The analysis of the radius of gyration (Figure S2, panels e–h) does not highlight the main differences between the two proteins, whereas the analysis of the SASA (Figure S3, panels e–f) shows that p.Gln188Arg has a higher value of this parameter (average value between 330 and 340 nm2 compared to the average value between 290 and 300 nm2 in wtGALT), indicating that the mutant protein, at higher temperature, tends to expose a higher area to the solvent, and this effect is clearly more visible at high temperature. In the presence of the ligands, the SASA is slightly lower in wtGALT than in p.Gln188Arg and, for the mutant, is lower than the value predicted in the absence of the ligands (Figure S3, panels g–h), reaching the same value of the simulations at 310 K.
The analysis of the interface interactions shows that, in the simulations in the absence of the ligands at higher temperatures, the average number of H-bonds per timeframe are practically unchanged in both systems with respect to the simulations at 310 K (Table 3). Contrarily to what happens in the systems at 310 K, the presence of the ligands in wtGALT does not increase this parameter, suggesting that, at a higher temperature, they are no longer able to promote a further stabilization of the intersubunit interface. Instead, in p.Gln188Arg, this parameter is decreased, as it happens at body temperature, showing that the mutation still destabilizes this interface.

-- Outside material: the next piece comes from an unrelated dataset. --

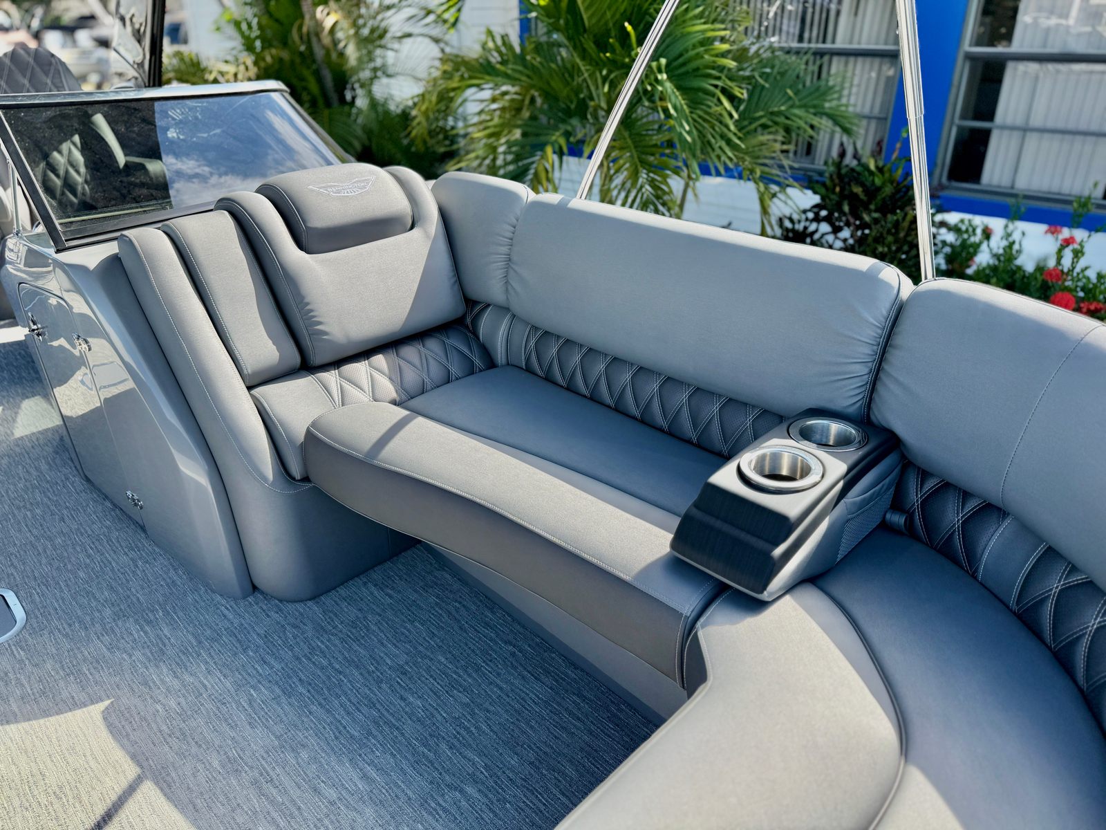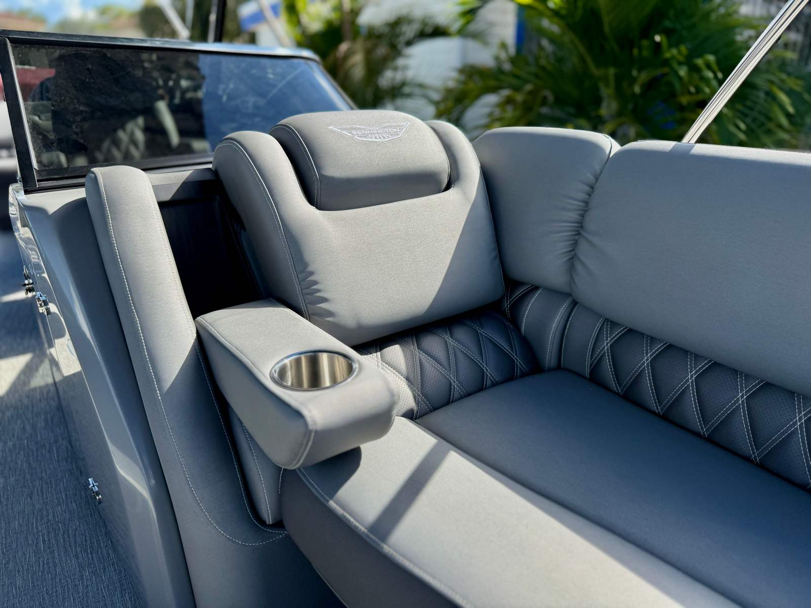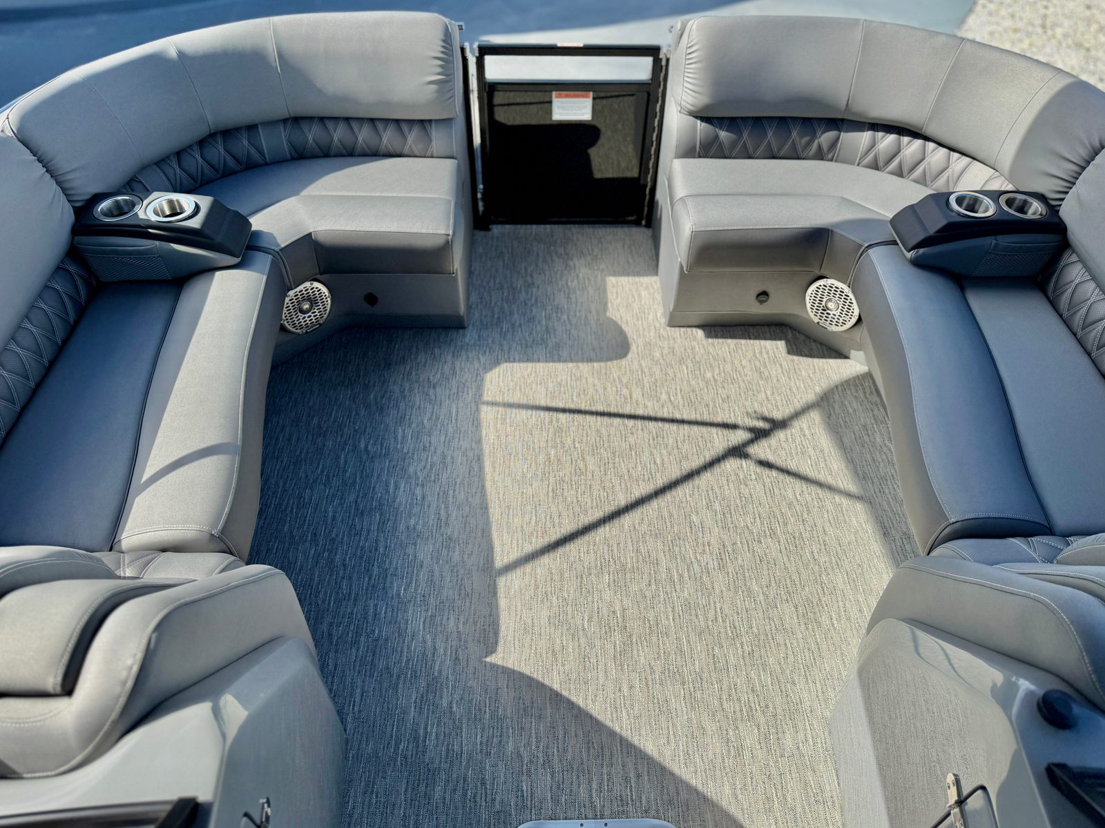 Owning the Bennington 27 QXFBWAX2 ESP pontoon boat means embracing a lifestyle of fun, relaxation, and social connection. The spacious deck layout provides ample room for guests to lounge, mingle, and soak up the sun. The advanced lighting systems create a festive atmosphere for evening cruises, while the premium audio setup ensures your favorite playlists sound incredible, whether you’re anchored in a quiet cove or hosting a lively party on the water.Comfort is paramount, with plush seating and thoughtful design elements that make every moment onboard enjoyable. The illuminated cupholders and accent lighting add a touch of luxury, while the high-performance engines guarantee thrilling rides and smooth cruising. This Bennington boat for sale is perfect for those who want to combine excitement with relaxation, offering the best of both worlds.

In addition, at high temperature, many stable H-bond interactions, including some that are not detectable in the static structures, are formed during the simulations, and their number is higher in the absence than in the presence of the ligands, in both systems. The residues involved in these interactions are essentially the same predicted to interact at body temperature.
The number of salt bridges is identical both between the two systems in the absence of ligands and between the two systems in the presence of ligands and is lower in the latter case (Table 4). Again, the number of these interactions is so low that it is not possible to state if this difference is significant or not. In all systems, the salt bridge between Asp 113 and Arg 228 is conserved, whereas the interaction between the Glu58 of chain A and the Arg333 of chain B is lost in the presence of the substrates, as it was the case for simulations at 310 K (Table 2).
From these results it appears that at 334 K both systems are not dramatically perturbed, although some differences are present especially in the flexibility of the most mobile segments and in the secondary structures. The temperature seems not to perturb drastically the quaternary assembly of the enzymes, but the ability of the substrates to stabilize especially the intersubunit H-bonds seems to be lost in wtGALT at higher temperatures, and in p.Gln188Arg in all conditions.

3. Materials and Methods

3.1. Starting Structures

We have used as a starting point the models of wtGALT and of the mutant p.Gln188Arg obtained as described previously [9], derived from the crystallographic structure of human GALT enzyme (PDB code: 5IN3) [10]. Both models contain the ligands galactose-1-phosphate (G1P) and 5,6-dihydrouridine-5′-monophosphate (H2U) that were visible in the crystallographic structure, as well as the Zn ions. However, during the modelling process, the covalent bond between H2U and the residue His186 has not been modelled, and the structure of this ligand in both cases has been corrected in order to restore the normal phosphate group by using Chimera [21]. This has also avoided problems in the parameterization of this anomalous bond in the following steps. The phosphate groups of the ligands were considered in their charged (deprotonated) form throughout the simulations.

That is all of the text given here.